What happens when your process receives a signal? Assuming you care about such things, you might have done a one-shot "signal(SIGFOO, some_func);" in your code. It's simple enough: when you get a SIGFOO, control jumps to some_func(). It's up to you to deal with the rest while avoiding things that should not be run in a signal handler (read the man page for 'signal-safety' if this is news to you).

At that point, you know some signal happened and can tell which one thanks to the single arg your dumb little handler received, but wouldn't it be better to know more? Don't answer that. It is better to know more. You may not appreciate it at first, but when you've added better instrumentation and had your first crash where it explained something, it'll start making sense. It's one of those things you have to build now to appreciate later.

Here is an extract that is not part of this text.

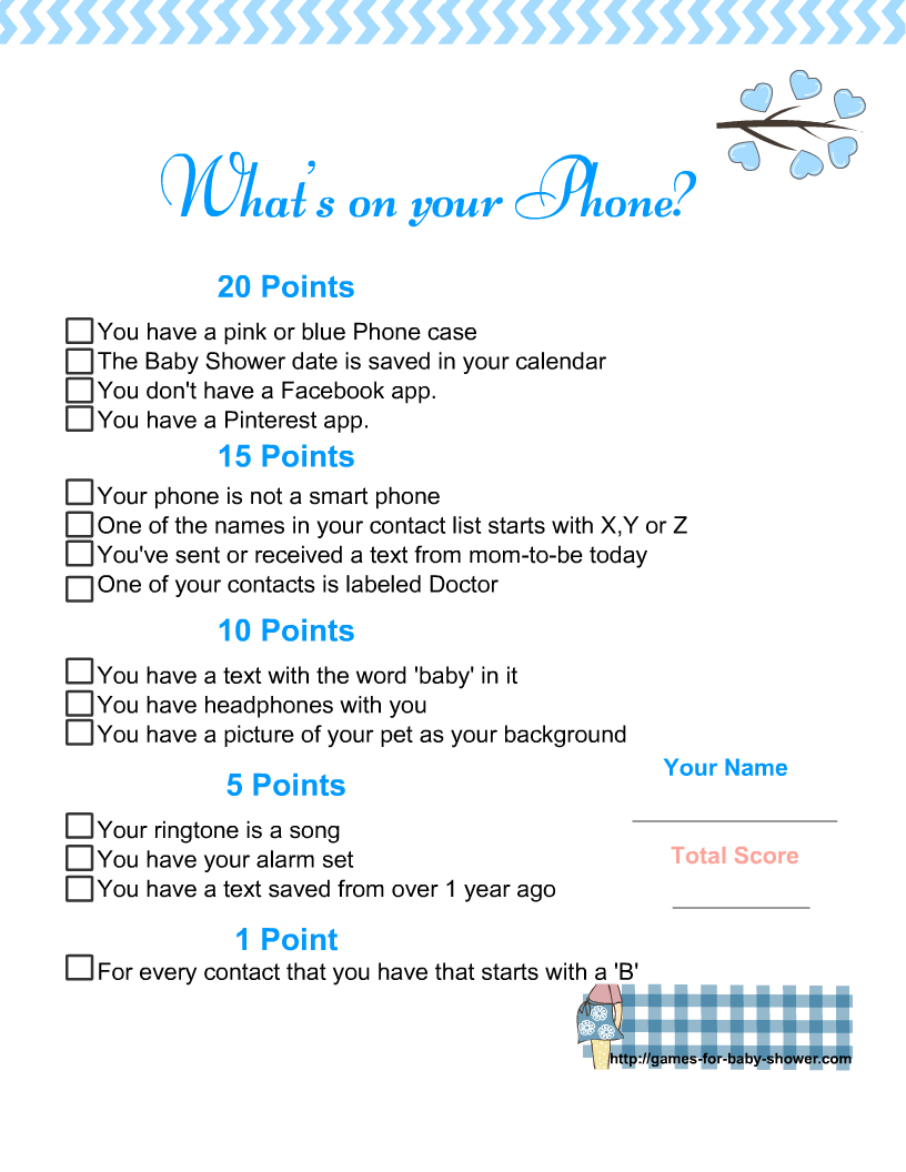 What’s in Your Phone Baby Shower Game Free Printable

Instead of using signal(), try using sigaction(). It takes a struct, and in that struct you give it a function pointer and some flags. The most important is to set SA_SIGINFO so that we get fancypants callback action on our sa_sigaction pointer instead of a boring old sa_handler like before.

Now you get to write your signal handler, and this is where the fun starts. The second argument is a siginfo_t*, and therein lies the tasty data. This is where you can start learning all kinds of things.

Let's say your program was shut down by something that sent it a signal. Was it your init program? Was it your package manager? Was it a human on the box? How do you know? Easy: print the si_pid and si_uid fields. Later, when groveling through the logs after your system goes down unexpectedly, you can see "uid 0" and know that something privileged knocked it down. Or, you can see "uid 1000" and know that another ordinary user did it. Likewise, if "pid 1234" is what killed it, you can go back into history with something like atop and find out that's some interactive shell. Then you can find out who was logged in at that point and ask them some questions.

Here's what it looks like when I flip to root and poke my program with a SIGTERM:

signal: 15 errno: 0 code: 0
source pid: 9034, uid: 0

The fun doesn't stop there. Ever suffered through a segmentation fault? If you're using C or C++, you certainly have. Someone, somewhere, has screwed up a pointer, used some resource after it was freed, or used something that was never initialized. This can shed light on that, too. You can even see what address was trying to be accessed when things blew up.

Here's the output from something dumb I wrote which logs a bunch of data from that struct. I purposely generated a SIGSEGV, and this is the result:

signal: 11 errno: 0 code: 1
addr: 0x68656c6c6f
segfault code: Address not mapped to object

That address should look odd to you. Even in a 64-bit Linux world, they don't normally look like that. That... is human-readable ASCII. I'll let you decode the hidden message. I created this as a proof-of-concept, but I assure you that occasionally, real programmers wind up making that kind of mistake and put text into a pointer. Being able to see the bad pointer lets you jump right to the culprit.

There are other neat things you can do, and many of them are signal-dependent. If you get a SIGFPE, you can warn of someone dividing by zero. You'd hope it would never happen, but again, given enough time and enough programmers, at a big enough company, you will see all of these things.

If your environment already has a signal handler, go take a peek and see if it's making use of all of the siginfo_t struct. If you're on any version of Linux made in recent history, you might be missing out on some really neat information that you might just appreciate some day.